◆ Description of the task:
Please write out the lines of the data exactly, beginning with the first and ending with the line containing "汪刘送介绍了我院十四五发展规"; leave the pictures behind.

*** Recorded data ***

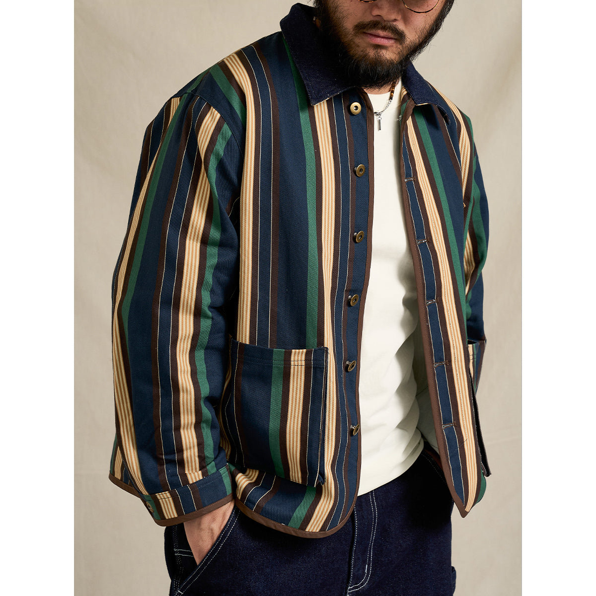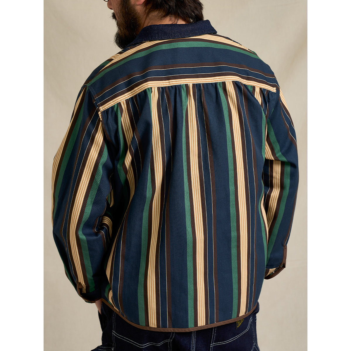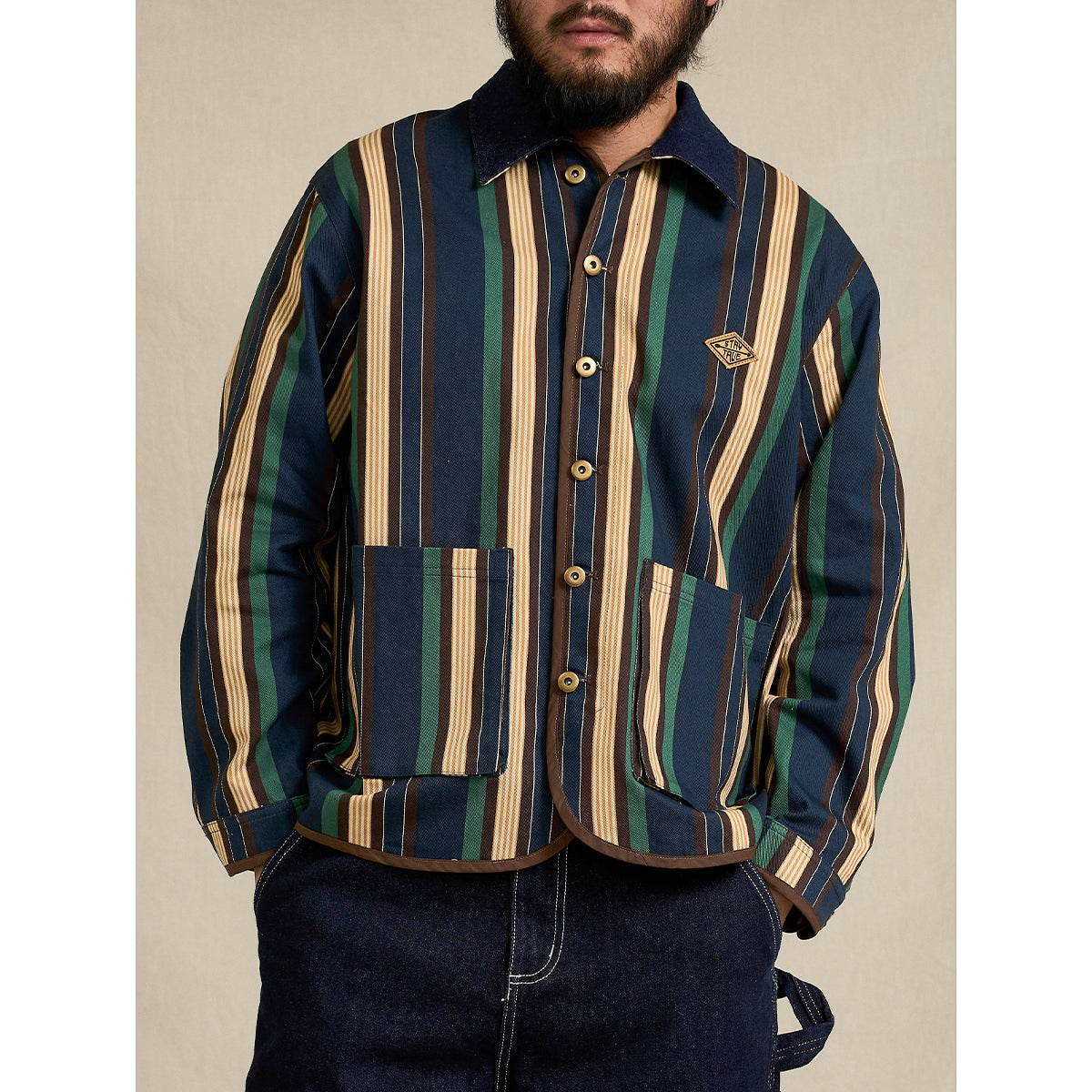 「STAY TRUE」자수 와펜 & 데님 칼라 배색 멀티 스트라이프 자켓
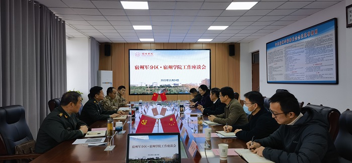 汪刘送介绍了我院十四五发展规划及申报硕士点立项建设工作的进展情况,并对宿州军分区和埇桥区人武部对我院军训、征兵工作的指导支持表示感谢。
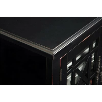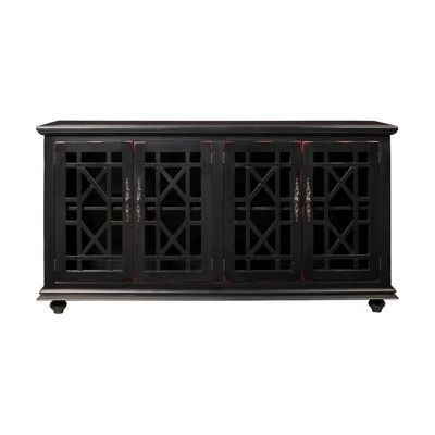The Cassandra TV Stand features a beautiful Antique Black finish with sophisticated transitional styling inspired by design cues taken from Parisian antique markets. Elegant trellis details on the glass doors, intricately cast door pulls, turned bun feet, and architectural moldings are all blended together for an exquisite look. Each piece is slightly distressed with just the right amount of rub through at the edges to make it seem like this was a piece handed down through generations. The versatile design allows the piece to be used as an Entertainment Console, an Entry Hall Credenza, or as a Dining Room Server. Removable and adjustable shelves provide versatile storage options for audio, video, gaming components. Vertical wire management cutouts allow for easy access with multiple shelf configurations. Ideal for 65” Flat Panel TVs. ETA (Easy To Assemble). Anti-tip kit added for safety. Assembled Dimensions: 63″ W x 35″ H x 18″ D.Features : Finish: Antique BlackTwo (2) large cabinets feature tempered glass doors with an elegant trellis design allowing for plenty of storage for TV, audio, and video game component storageDesign features include slightly distressed finish, intricately cast door pulls, turned bun feet, and architectural moldingsVersatile design allows the piece to be used as an Entertainment Console, an Entry Hall Credenza, or as a Dining Room ServerTwo (2) Large adjustable shelves allow for multiple storage optionsIdeal for most 65″ flat panel TVsSpecifications : Product Dimensions : 63″ W x 35″ H x 19″ DNumber of Shelves : 2Assembly Required : Yes, Features the Lightning Fast Assembly System
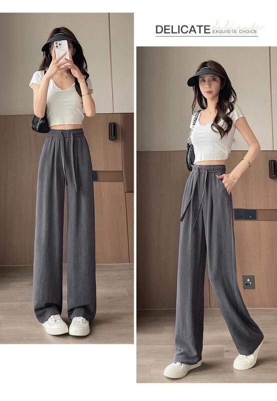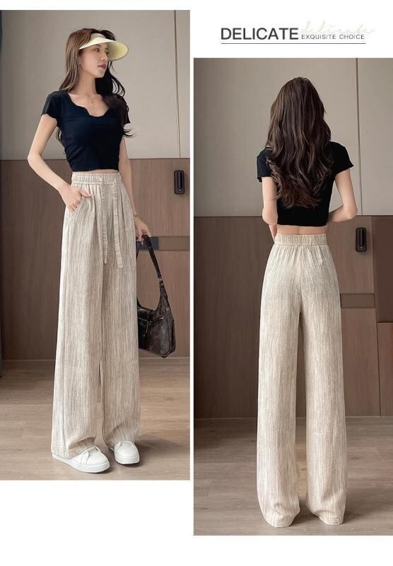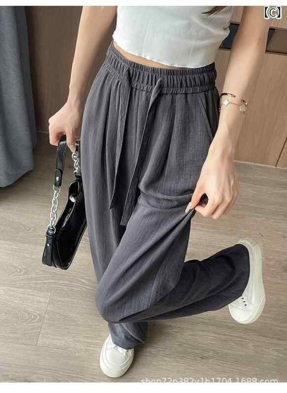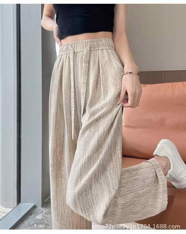 カジュアルパンツ レディース タイダイ染め 接触冷感 ストレッチ ハイウエスト ドローストリング ゆったり ストレートパンツ ドレープ感 ロング丈 綿麻混

*** End of Recorded data ***

◆ Result for this task:
 「STAY TRUE」자수 와펜 & 데님 칼라 배색 멀티 스트라이프 자켓
 汪刘送介绍了我院十四五发展规划及申报硕士点立项建设工作的进展情况,并对宿州军分区和埇桥区人武部对我院军训、征兵工作的指导支持表示感谢。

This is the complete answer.